### Extracted records

◆ ◆ ◆

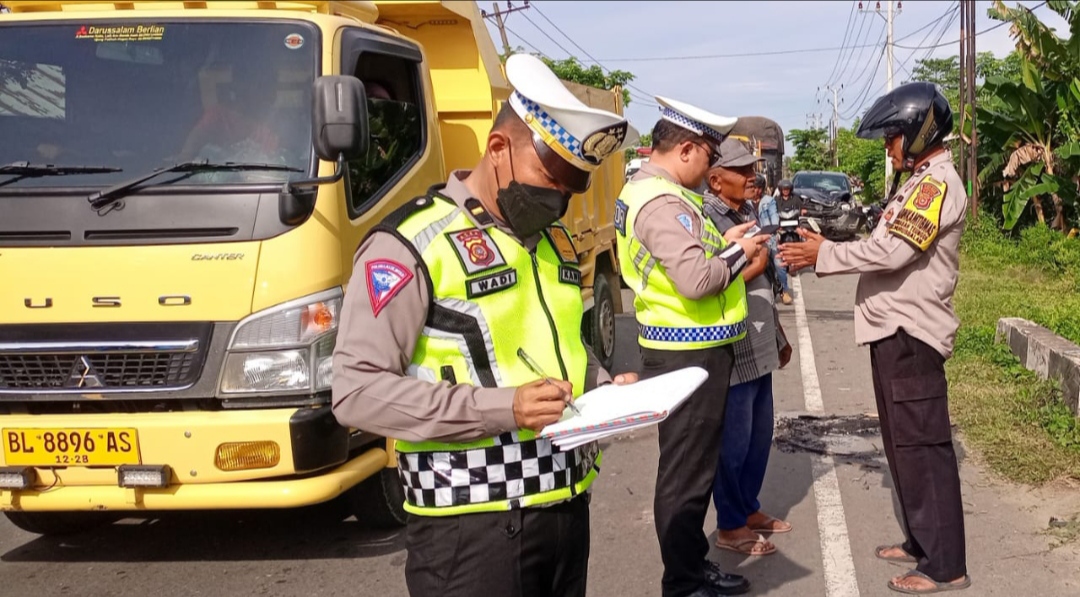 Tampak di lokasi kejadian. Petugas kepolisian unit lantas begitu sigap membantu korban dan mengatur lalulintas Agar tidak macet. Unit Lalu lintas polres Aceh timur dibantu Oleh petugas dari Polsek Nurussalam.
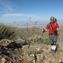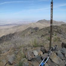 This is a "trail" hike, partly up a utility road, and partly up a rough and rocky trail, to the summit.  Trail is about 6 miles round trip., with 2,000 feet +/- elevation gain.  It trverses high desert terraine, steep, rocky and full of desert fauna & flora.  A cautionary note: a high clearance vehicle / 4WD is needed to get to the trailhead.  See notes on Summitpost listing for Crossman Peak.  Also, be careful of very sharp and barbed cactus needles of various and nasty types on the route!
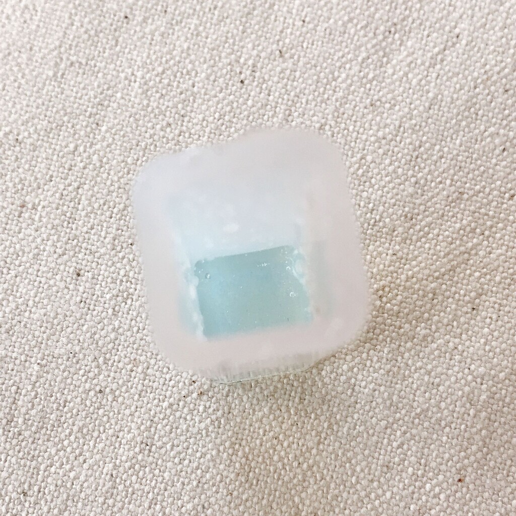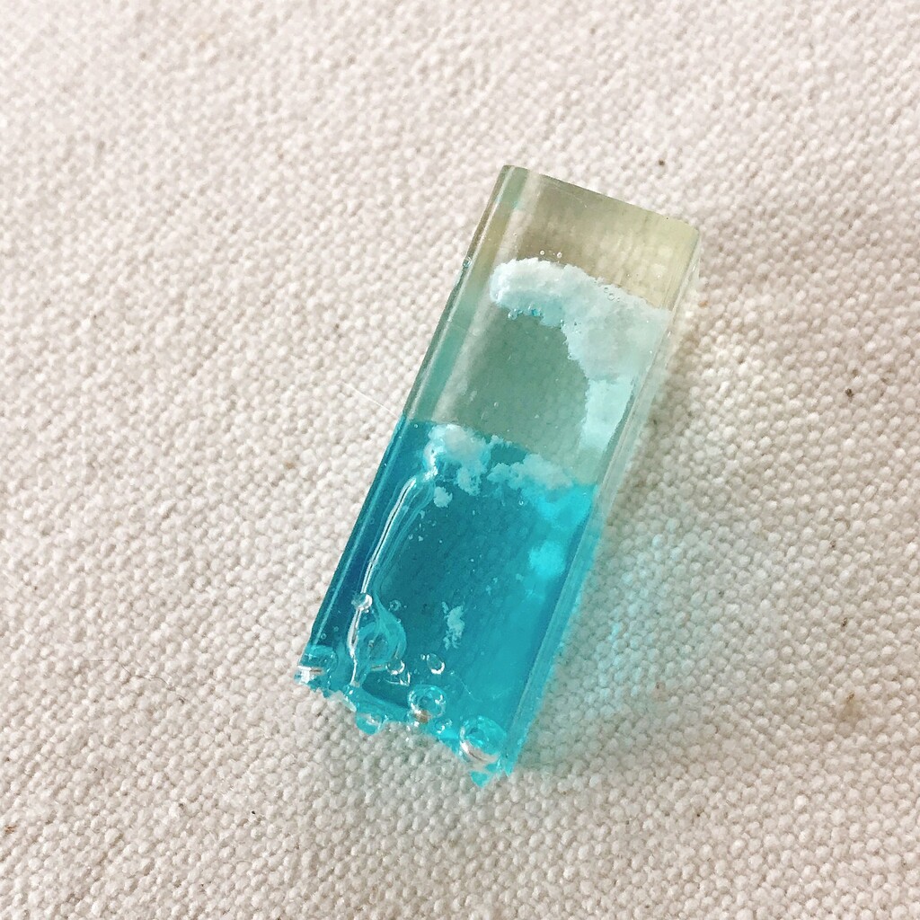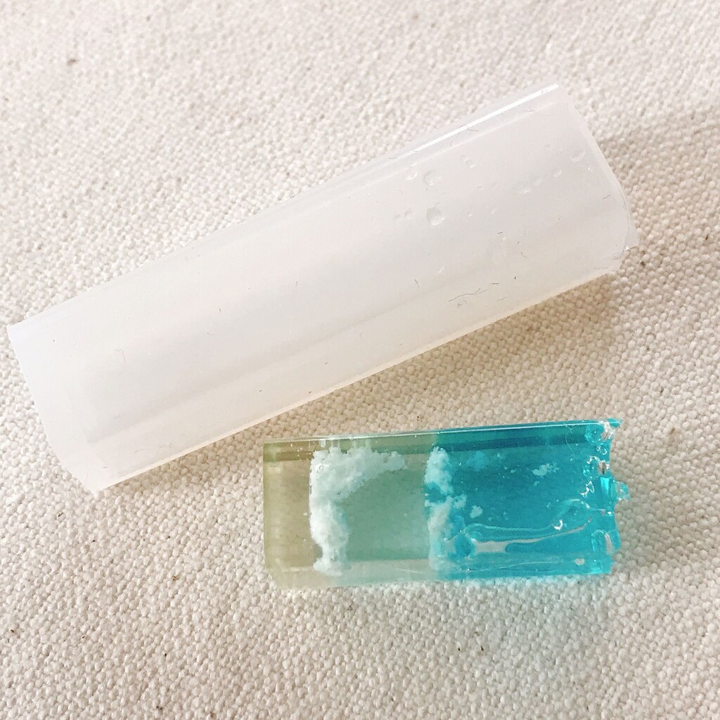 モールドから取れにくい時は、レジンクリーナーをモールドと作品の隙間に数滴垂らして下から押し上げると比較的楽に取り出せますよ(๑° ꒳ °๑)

◆ ◆ ◆

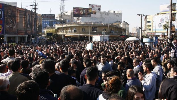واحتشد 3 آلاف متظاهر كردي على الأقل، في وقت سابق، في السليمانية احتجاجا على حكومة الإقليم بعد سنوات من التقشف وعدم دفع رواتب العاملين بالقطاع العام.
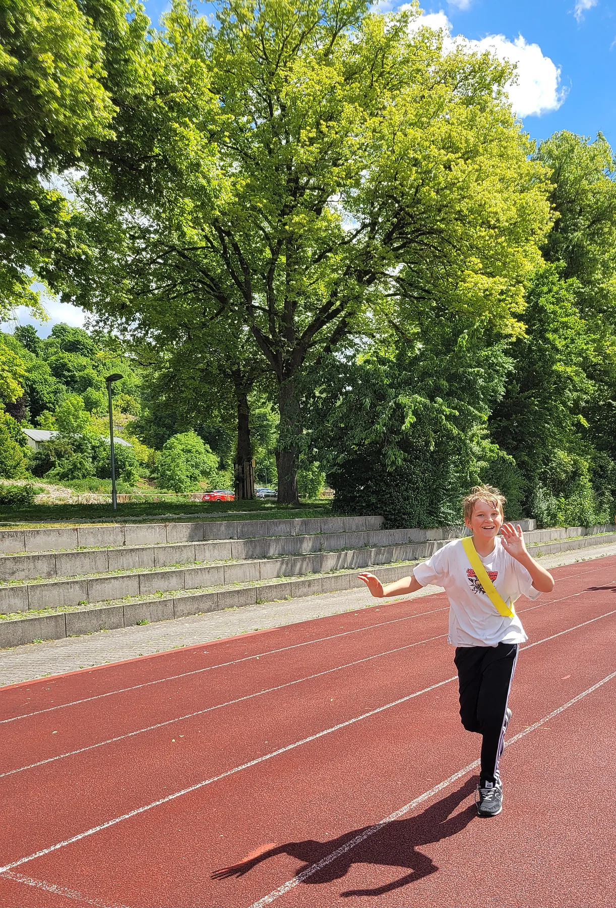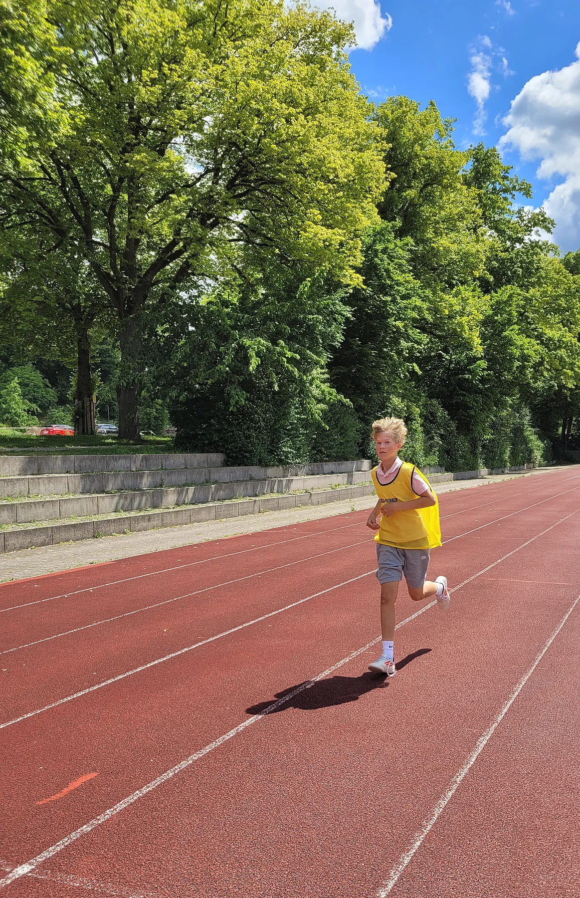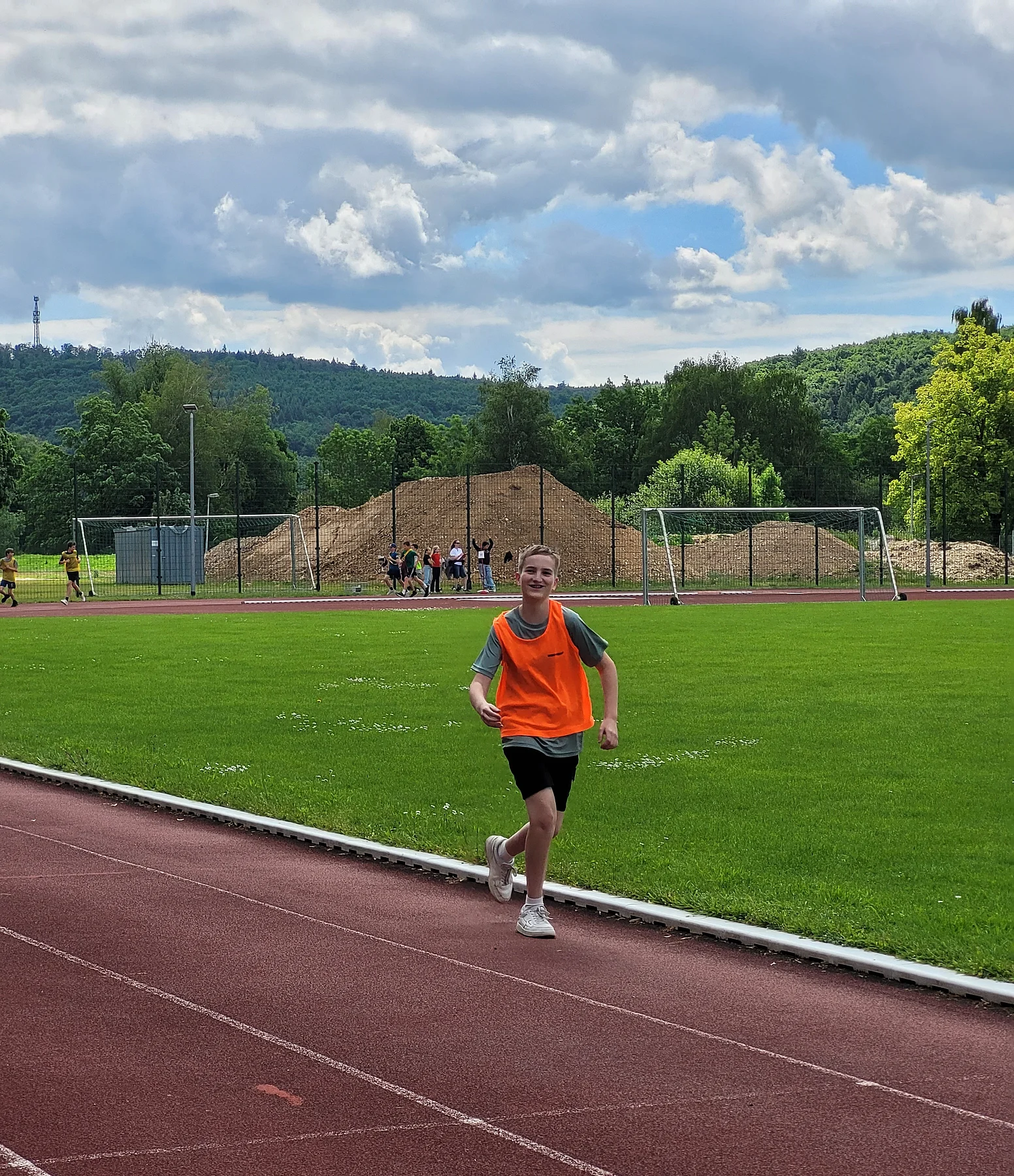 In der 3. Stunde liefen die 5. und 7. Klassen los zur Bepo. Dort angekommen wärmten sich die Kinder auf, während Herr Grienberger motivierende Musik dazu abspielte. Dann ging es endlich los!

◆ ◆ ◆

### Exercise brief
In the listing above, find the line with "واحتشد 3 آلاف" and the line with "In der 3. Stunde". Copy both of them and every line between, exactly, but not the pictures.

### Expected answer
واحتشد 3 آلاف متظاهر كردي على الأقل، في وقت سابق، في السليمانية احتجاجا على حكومة الإقليم بعد سنوات من التقشف وعدم دفع رواتب العاملين بالقطاع العام.
 In der 3. Stunde liefen die 5. und 7. Klassen los zur Bepo. Dort angekommen wärmten sich die Kinder auf, während Herr Grienberger motivierende Musik dazu abspielte. Dann ging es endlich los!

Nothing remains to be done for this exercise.